Figure. A patient with Parkinson disease undergoes dual-task assessment via a modified version of the C3Logix app. The patient is using a handheld switch to signal responses to a cognitive challenge presented through headphones while the app simultaneously monitors his postural stability.
This work is prompted by the fact that stimulation in the subthalamic nucleus may compromise the patient’s cognitive function. We are aiming to monitor cognitive function and postural stability in patients during DBS to enable adjustment of stimulation parameters to maintain improvements in stability and gait without hindering cognitive function.
Orchard vs. the trees
These efforts to expand and adapt the capabilities of C3Logix to assess additional conditions are consistent with the Neurological Institute’s emerging Orchard of Neurological Apps initiative to leverage digital health technology and common data elements across a range of neurologic conditions.
Rather than using new digital health technologies to create one-off apps, which results in multiple fragmented approaches to care, our aim is to look at mobile apps as modules to be applied across common functional domains for various conditions (think orchard vs. individual trees). This approach lends itself to pooling of data, when appropriate, to enable aggregation of large data sets to make possible powerful predictive analytics around elements of cognitive and motor functioning.
The example of balance
Balance is a prime example. Our aforementioned study validating the C3Logix app’s ability to quantify postural stability in older adults2 was an essential step toward translating the app’s balance component — which we call the Cleveland Clinic Balance App — for use in populations such as patients with PD, stroke, multiple sclerosis and mTBI.
Another highly promising application of the Balance App is for falls prediction and prevention. Patient falls remain a stubbornly common and costly adverse event, and traditional fall-risk questionnaires are notoriously subjective, largely ineffective and lacking in precision. To address this challenge, we are conducting a pilot study in which Cleveland Clinic nurses will use the Balance App to quickly assess hospitalized patients’ postural stability to predict risk for falls and eventually guide prevention interventions accordingly. We will compare fall rates and associated costs between inpatients screened with the Balance App and those screened with traditional questionnaires.
We are working with a collaborator at a nursing home in western Pennsylvania to conduct a similar pilot study in the dependent care setting.

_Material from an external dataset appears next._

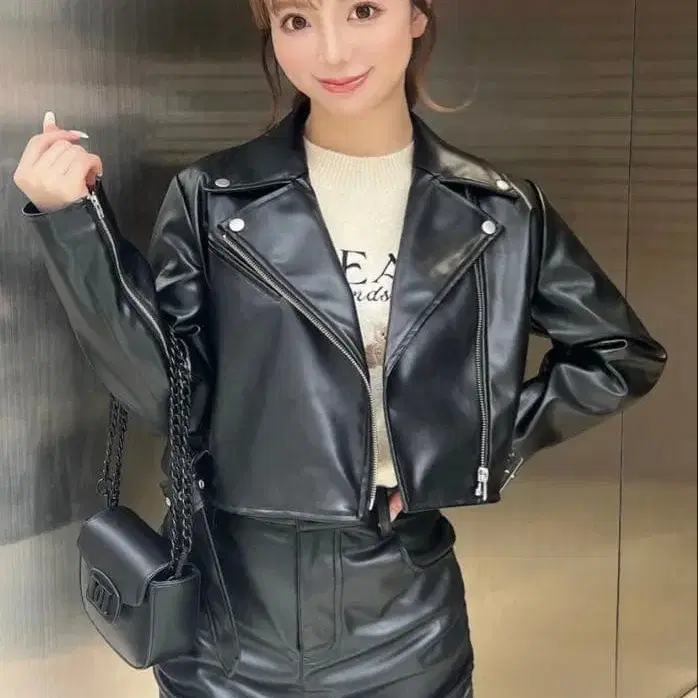 다리치 라이더 자켓 개더 가죽 스커트 2세트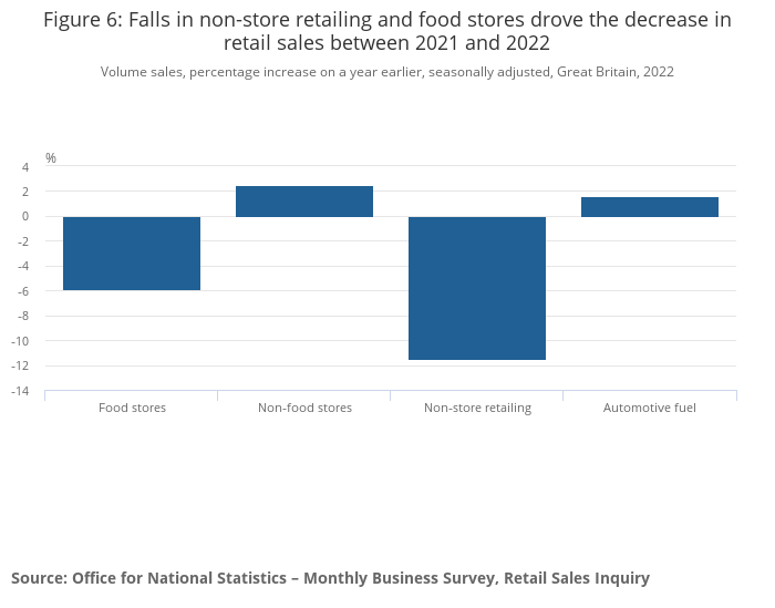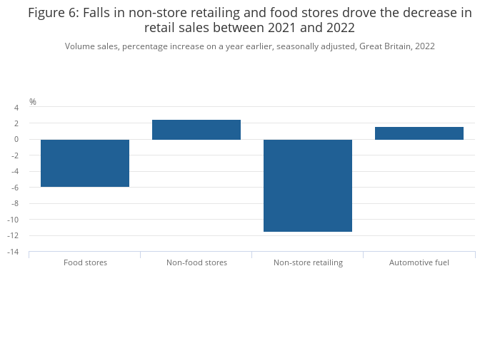 Figure 6: Falls in non-store retailing and food stores drove the decrease in retail sales between 2021 and 2022

From electronic notebooks to data collection systems
Examples of similar spinoffs and adaptations of the C3Logix app apply to Cleveland Clinic’s emerging technology-enabled approaches to PD, multiple sclerosis and other conditions. Our goal is to strategically use complementary healthcare apps to transform mobile devices from expensive electronic notebooks into scalable data-collection systems. Predictive analytics will follow, which promise to bring improved outcomes, reduced cost and increased value.
Dr. Alberts is Director of the Concussion Center and Vice Chair for Health Technology Enablement in Cleveland Clinic’s Neurological Institute.
1. Alberts JL, Hirsch JR, Koop MM, et al. Quantification of postural stability using accelerometer and gyroscopic measures. J Athl Train. In press.
2. Ozinga SJ, Alberts JL. Quantification of postural stability in older adults using mobile technology. Exp Brain Res. 2014 Dec;232(12):3861-3872.